What the exercise asks: For this exercise, write out only the lines of the entries below from the one with "The first stop" up to and including the one with "Indulge in the", exactly as they are. Pictures stay out.

■ ■ ■ ■

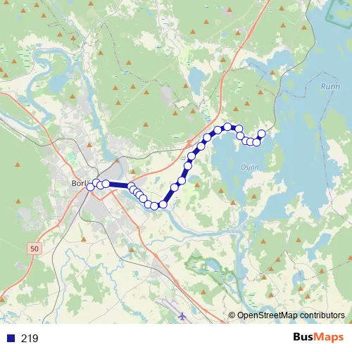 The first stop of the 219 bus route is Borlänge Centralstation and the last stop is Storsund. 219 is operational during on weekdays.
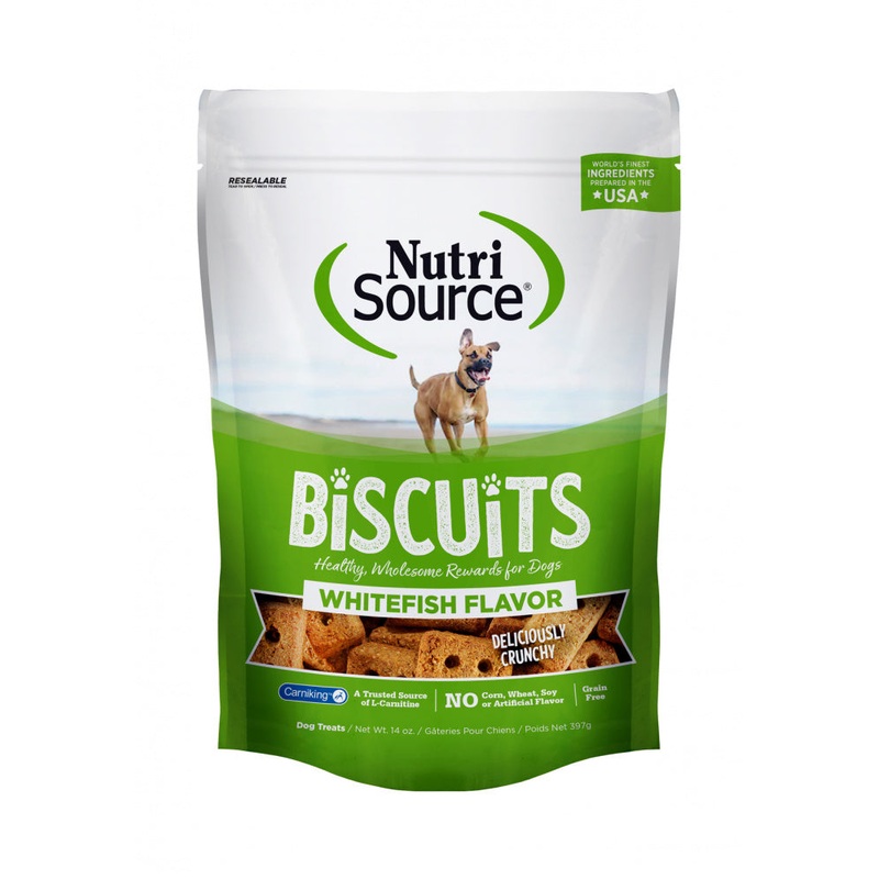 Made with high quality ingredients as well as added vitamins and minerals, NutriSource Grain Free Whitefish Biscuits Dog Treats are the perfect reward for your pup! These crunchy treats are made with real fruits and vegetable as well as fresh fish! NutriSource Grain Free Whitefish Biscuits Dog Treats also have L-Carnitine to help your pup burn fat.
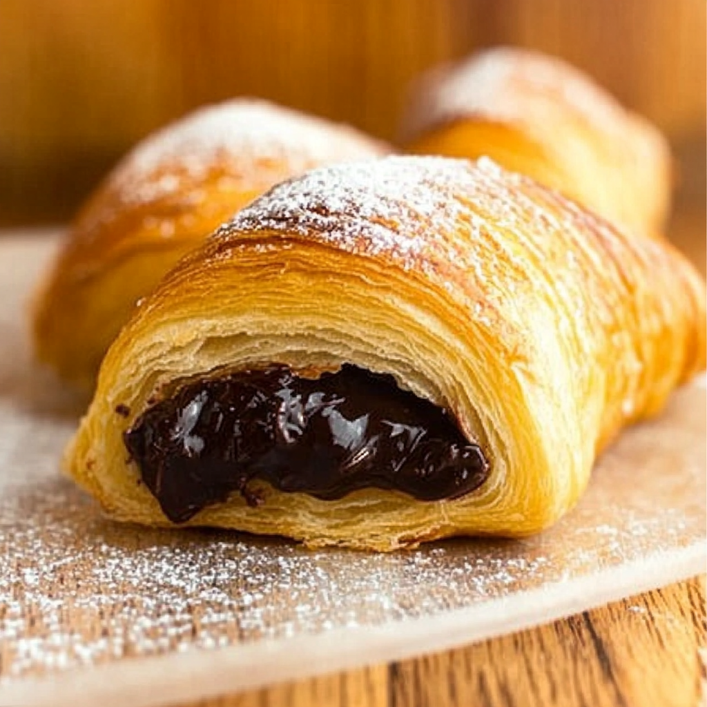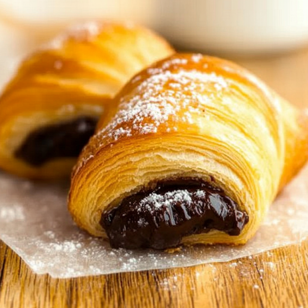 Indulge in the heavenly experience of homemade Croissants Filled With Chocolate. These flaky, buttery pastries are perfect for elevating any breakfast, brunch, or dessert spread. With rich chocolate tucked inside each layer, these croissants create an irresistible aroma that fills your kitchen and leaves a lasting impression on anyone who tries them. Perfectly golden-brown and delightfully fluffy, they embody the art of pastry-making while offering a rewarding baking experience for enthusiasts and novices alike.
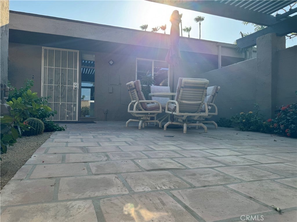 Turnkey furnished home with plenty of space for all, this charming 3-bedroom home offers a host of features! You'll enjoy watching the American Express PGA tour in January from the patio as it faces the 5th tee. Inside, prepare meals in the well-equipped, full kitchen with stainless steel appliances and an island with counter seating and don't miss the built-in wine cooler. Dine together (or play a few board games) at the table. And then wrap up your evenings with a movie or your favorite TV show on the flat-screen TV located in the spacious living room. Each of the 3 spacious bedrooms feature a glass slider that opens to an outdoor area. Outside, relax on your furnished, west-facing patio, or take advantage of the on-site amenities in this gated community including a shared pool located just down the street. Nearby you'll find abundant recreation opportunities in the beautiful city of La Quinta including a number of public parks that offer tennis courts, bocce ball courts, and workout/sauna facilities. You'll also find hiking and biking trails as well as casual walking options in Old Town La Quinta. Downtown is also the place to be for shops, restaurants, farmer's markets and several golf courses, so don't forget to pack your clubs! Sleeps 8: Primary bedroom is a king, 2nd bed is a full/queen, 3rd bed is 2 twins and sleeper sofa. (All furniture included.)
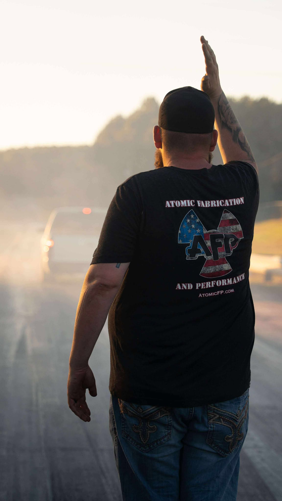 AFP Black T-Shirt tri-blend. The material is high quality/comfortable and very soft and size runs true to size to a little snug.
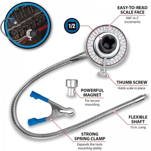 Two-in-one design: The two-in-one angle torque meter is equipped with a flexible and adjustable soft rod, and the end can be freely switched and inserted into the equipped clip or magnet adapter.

■ ■ ■ ■

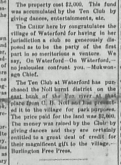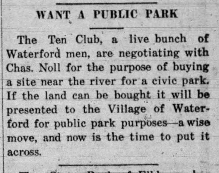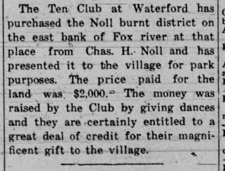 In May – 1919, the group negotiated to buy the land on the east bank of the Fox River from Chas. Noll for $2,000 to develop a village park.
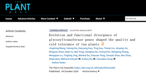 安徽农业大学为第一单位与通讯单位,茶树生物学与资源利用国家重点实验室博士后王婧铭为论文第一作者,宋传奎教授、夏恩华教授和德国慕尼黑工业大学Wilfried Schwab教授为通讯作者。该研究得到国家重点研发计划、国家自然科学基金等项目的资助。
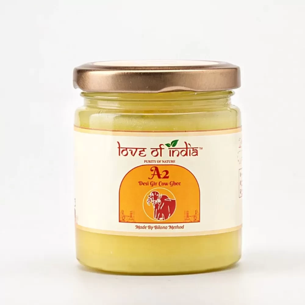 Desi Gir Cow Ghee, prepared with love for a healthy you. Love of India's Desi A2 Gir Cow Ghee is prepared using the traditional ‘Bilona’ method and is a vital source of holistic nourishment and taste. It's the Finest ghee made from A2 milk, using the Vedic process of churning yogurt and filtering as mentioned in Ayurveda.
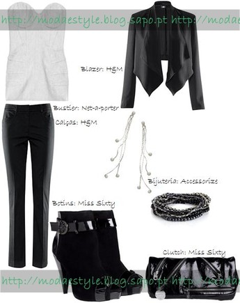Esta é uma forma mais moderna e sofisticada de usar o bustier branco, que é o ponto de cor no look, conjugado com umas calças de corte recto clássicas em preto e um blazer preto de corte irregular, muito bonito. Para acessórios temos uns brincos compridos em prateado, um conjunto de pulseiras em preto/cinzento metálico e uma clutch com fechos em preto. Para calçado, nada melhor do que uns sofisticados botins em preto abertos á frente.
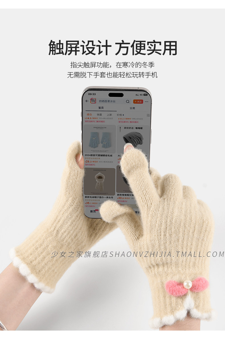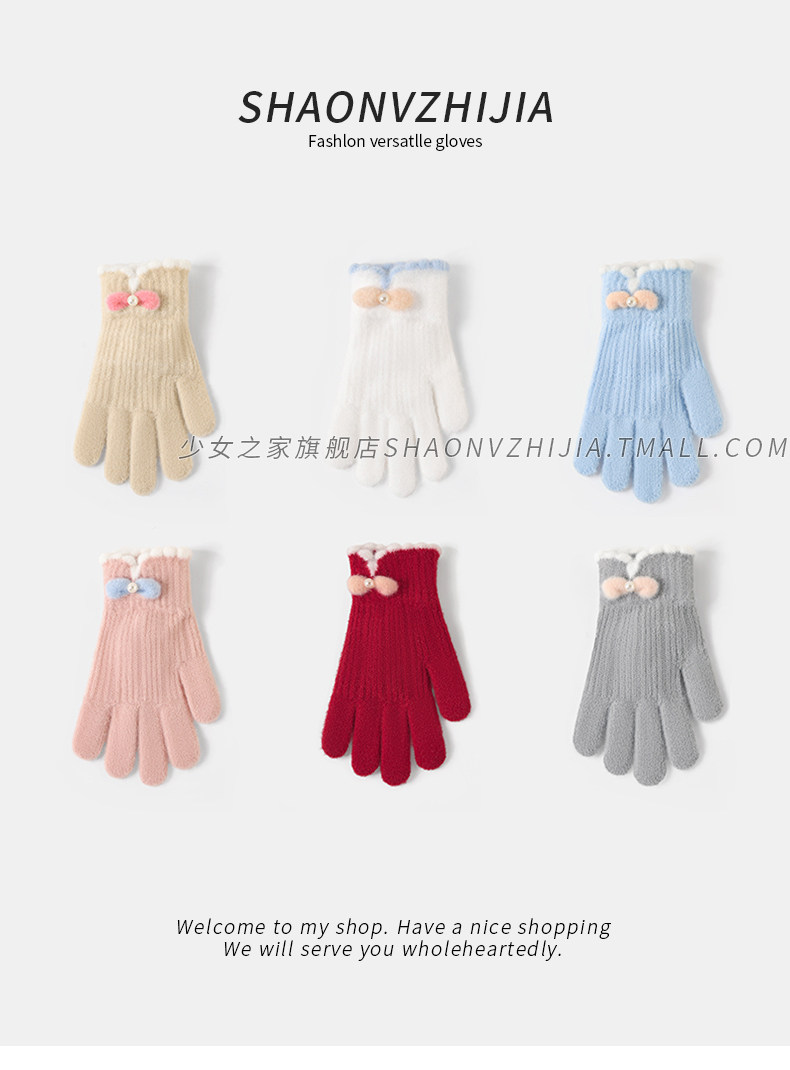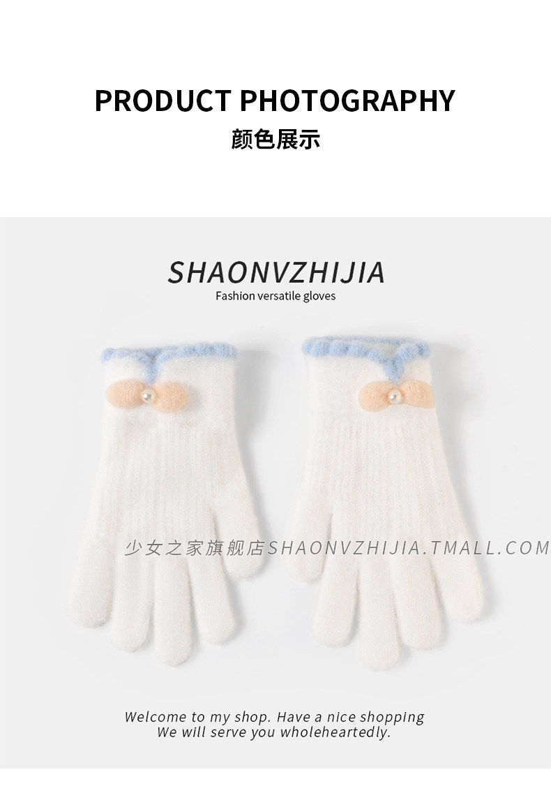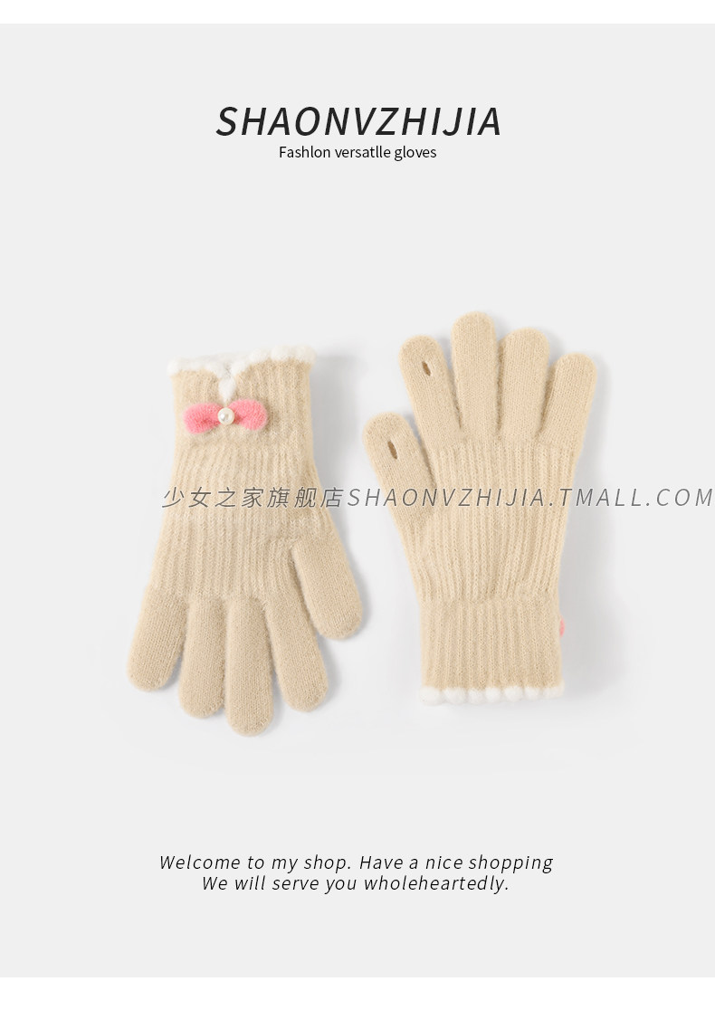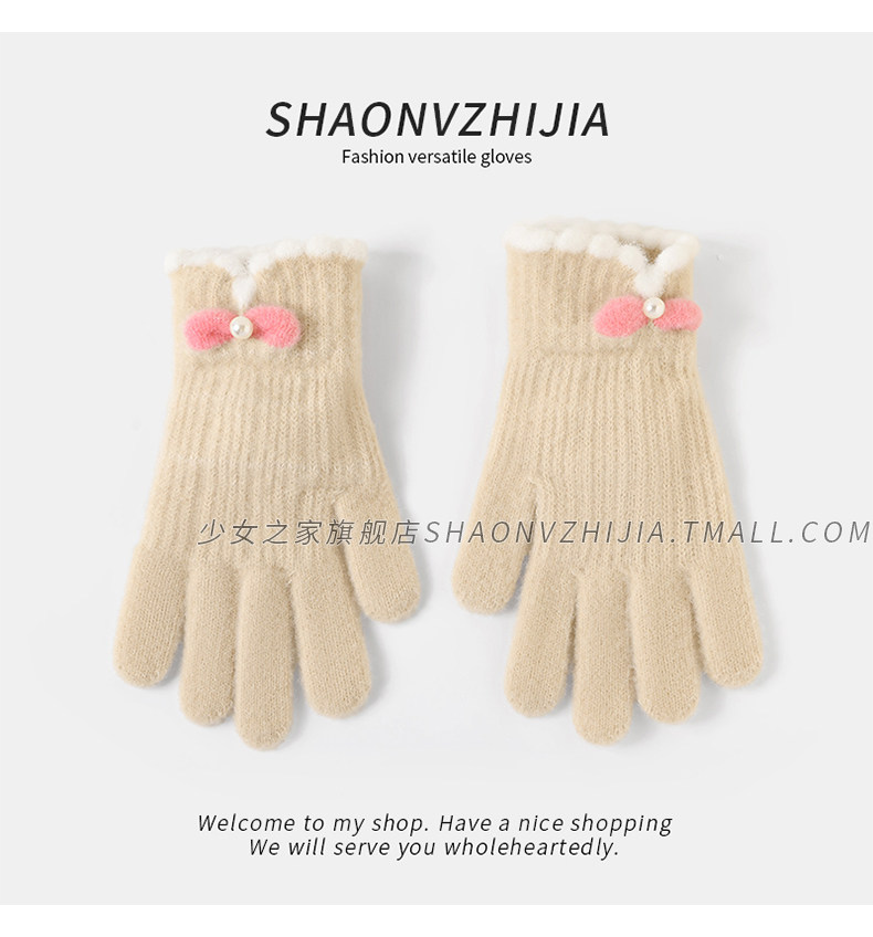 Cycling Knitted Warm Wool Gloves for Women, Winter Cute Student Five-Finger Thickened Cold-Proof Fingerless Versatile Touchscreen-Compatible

■ ■ ■ ■

Exercise output:
 The first stop of the 219 bus route is Borlänge Centralstation and the last stop is Storsund. 219 is operational during on weekdays.
 Made with high quality ingredients as well as added vitamins and minerals, NutriSource Grain Free Whitefish Biscuits Dog Treats are the perfect reward for your pup! These crunchy treats are made with real fruits and vegetable as well as fresh fish! NutriSource Grain Free Whitefish Biscuits Dog Treats also have L-Carnitine to help your pup burn fat.
 Indulge in the heavenly experience of homemade Croissants Filled With Chocolate. These flaky, buttery pastries are perfect for elevating any breakfast, brunch, or dessert spread. With rich chocolate tucked inside each layer, these croissants create an irresistible aroma that fills your kitchen and leaves a lasting impression on anyone who tries them. Perfectly golden-brown and delightfully fluffy, they embody the art of pastry-making while offering a rewarding baking experience for enthusiasts and novices alike.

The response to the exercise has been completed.